EURGBP could challenge this week’s highs around 0.8670 in the short term if the outcome of the ECB meeting doesn’t disappoint euro bulls
EURUSD turned marginally higher on the day in recent trading, flirting with the 100-DMA that continues to cap gains in the common currency. The pair needs to overcome this barrier in the 1.2050 area in order to retest this week’s highs around 1.2080. If the moving average withstands the current pressure, a pullback towards the 1.2000 figure could be expected. On the hourly charts, the RSI is pointing north while the prices have exceeded the 20-SMA in recent trading, adding to a more upbeat short-term technical picture. On the weekly timeframes, the common currency is challenging the 20-SMA that could cap further bullish attempts.

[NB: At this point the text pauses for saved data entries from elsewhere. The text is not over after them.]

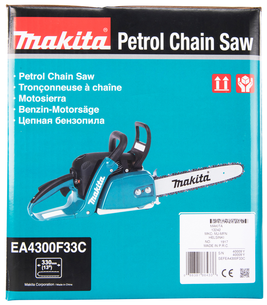 A powerful and easy-to-use chainsaw for general use. Thanks to its modern 2-stroke engine, the chainsaw has low consumption and emission levels. The tool has a 330 mm (13") guide bar and a powerful 2,2 kW engine that generates a chain speed of 24,3 m/s. Easy start function.
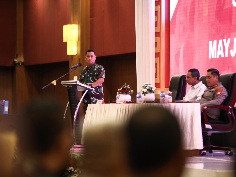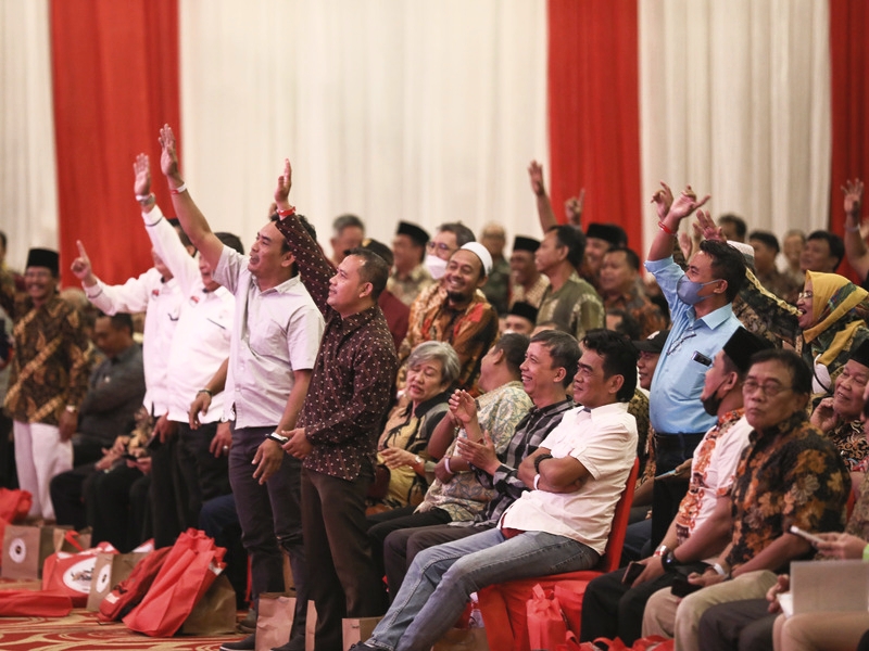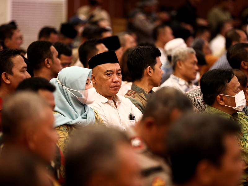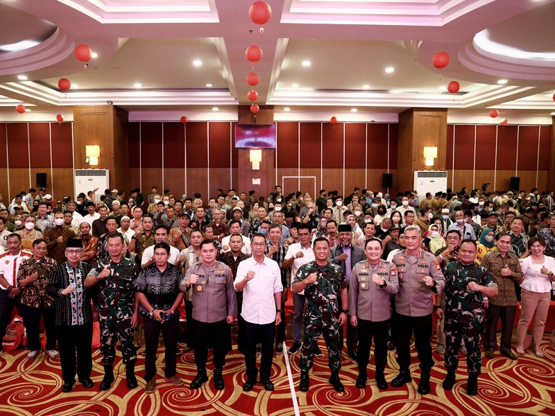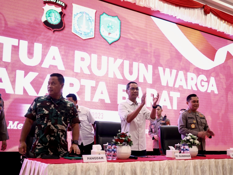 Penjabat (Pj) Gubernur DKI Jakarta, Heru Budi Hartono bersama Kapolda Metro Jaya, Irjen Pol Muhammad Fadil Imran, dan Panglima Kodam Jaya, Mayjen TNI Untung Budiharto, menghadiri acara Guyub Ketua Rukun Warga (RW) se-Jakarta Barat di Grand Ballroom Hao Di Fang Seasons City, Tambora, Jakarta Barat, Sabtu (4/2). Pj Gubernur berharap semua pihak, termasuk pengurus RT/RW, dapat bersinergi dengan Forum Komunikasi Pimpinan Daerah (Forkopimda) sebagai upaya menurunkan angka kemiskinan ekstrem dan stunting. (Foto: Nugroho Sejati/beritajakarta.id)
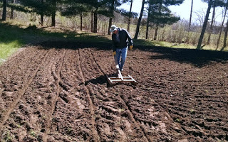 Photo: Steve marking the garden rows with a marker my father made some fifty years ago.
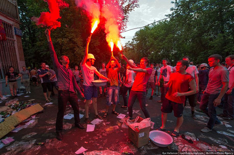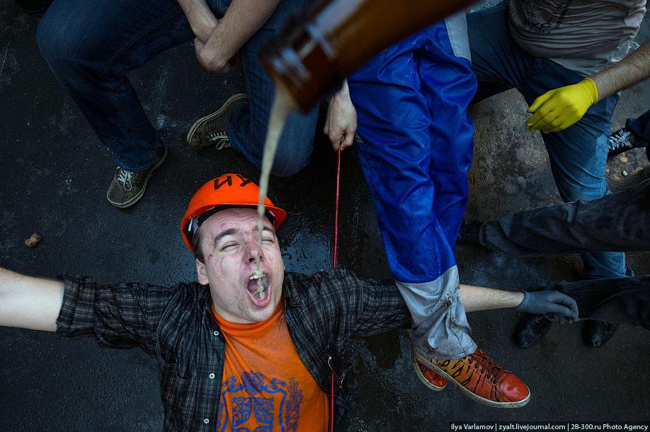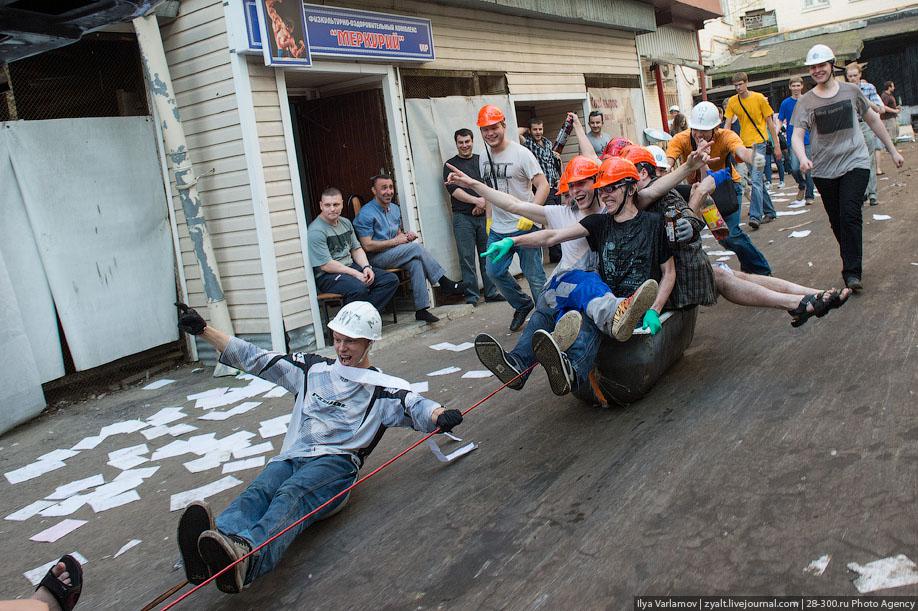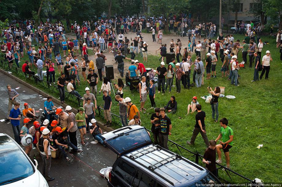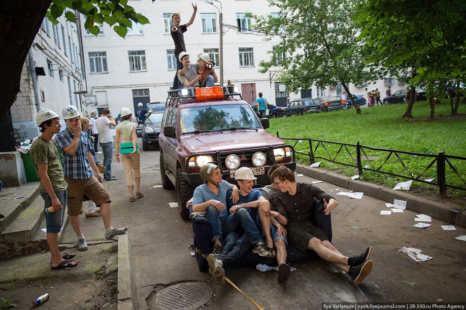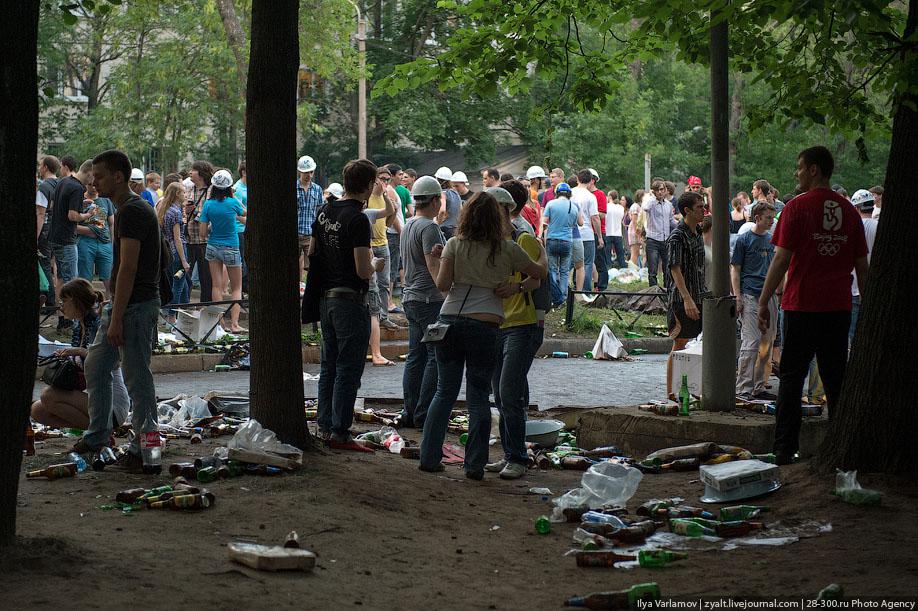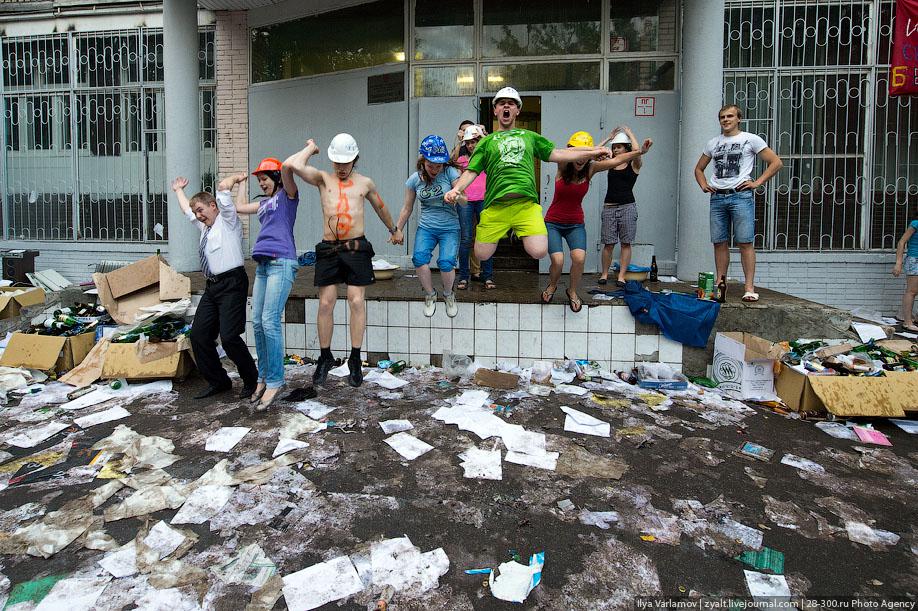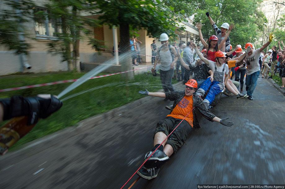 "Традиционное катание на хозяйственных тазиках, ваннах и диванах прошли у выпускников МГТУ имени Баумана в Москве. Из окон летят конспекты, в центре двора большая дискотека, со всех сторон фонтаны из пива и шампанского. Этой традиции уже много лет. Каждый год в июне жители домов в районе метро "Измайловская" могут наблюдать, как сотни выпускников веселятся, обливаются пивом и катаются на тазиках за машинами. Сегодня были самые массовые и веселые заезды", - цитирует Цензор.НЕТ блоггера zyalt.

GBPUSD was rejected from the 1.4000 figure earlier in the week and has been trending lower since then. The pair slipped to the 1.3885 region that represents the immediate support, a break below which would pave the way towards the 20-DMA (today at 1.3812) that turned into support last week. On the upside, the 1.3950 area needs to be broken in the short term. Otherwise, the cable could see more steep losses in the coming days. If so, GBPUSD may challenge the 1.3800 figure to retarget the 100-DMA at 1.3725. In the immediate term, the path of least resistance is to the downside despite the greenback struggles for direction.
USDJPY has been losing ground since the start of the month. On Thursday, the dollar extended losses to the 107.80 area before bouncing to the flat-line in recent trading. The pair was last seen clinging to the 108.00 figure, a daily close below which would pave the way towards fresh early-March lows. Should the greenback stage a reversal, the 108.30 area would represent the immediate target for bulls. In a wider picture, bearish risks persist as long as the prices stay below the 20-DMA that arrives at 109.35 today. The key upside barrier arrives at the 111.00 figure that triggered the current retreat.
The Kiwi failed to retain bullish impetus and turned lower on Thursday. As a result, the pair slipped back below the 0.7200 figure before deriving support from the 0.7170 area that now represents the immediate support now. On the upside, a decisive break above the 0.7220 region would mark some improvement in the short-term technical picture. However, it looks like the New Zealand dollar will stay under the selling pressure in the immediate term though losses would be limited. In a wider picture, NZDUSD has exceeded the 20-week SMA, which is a bullish sign, but the pair is yet to stage a weekly close above this moving average to confirm the breakout.
The cross has been trending higher for the third day in a row on Thursday. The pair bounced from the 20-DMA earlier in the week and has been rising since then. Today, the euro extended gains to the 0.8665 area and could challenge this week’s highs around 0.8670 in the short term if the outcome of the ECB meeting doesn’t disappoint euro bulls. On the downside, the immediate support arrives at 0.8630, followed by the 20-DMA that arrives at 0.8618 today. On the four-hour charts, the technical picture has improved as the prices have settled above the key moving averages and the RSI is pointing north in the neutral territory.